Mantle cell lymphoma

Mantle cell lymphoma (MCL) is a rare form of non-Hodgkin's lymphoma. It has its name due to the involvement of B lymphocytes from the mantle zone of the lymph nodes.

On average, patients are ill at the age of 65, men are more frequently affected than women. The MCL accounts for 6-9% of all lymphomas. It is found among indolent lymphomas, but in most cases shows a clinically aggressive course.

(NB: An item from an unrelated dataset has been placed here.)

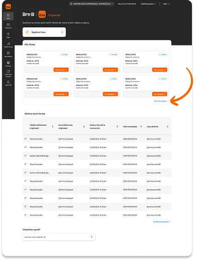 En el menú izquierdo, encontrarás el acceso directo para entrar a Bre-B.

At the time of diagnosis, most patients already suffer from the advanced disseminated form of the disease. This is manifested by generalized lymphadenopathy, gastrointestinal disorders and signs of bone marrow infiltration (anemia, coagulation disorders, susceptibility to infection).

Often it comes to the flushing of lymphoma cells into the peripheral blood. Splenomegaly, fever and reduced general condition are other possible symptoms. The cause of the disease is a chromosome translocation t (11; 14) (q13; q32), through which the cyclin D1 gene enters the vicinity of the IgG immunoglobulin heavy chain gene and is activated.

This is followed by a strong expression of cyclin D1. As a result, loss of control of the cell cycle and restriction of programmed cell death (apoptosis) result in accelerated proliferation of the tumor cells.

Only about 30% of patients respond fully to current therapies. The prospect of a complete cure usually exists only in the early stages. The median survival time is given in the literature at 3-5 years.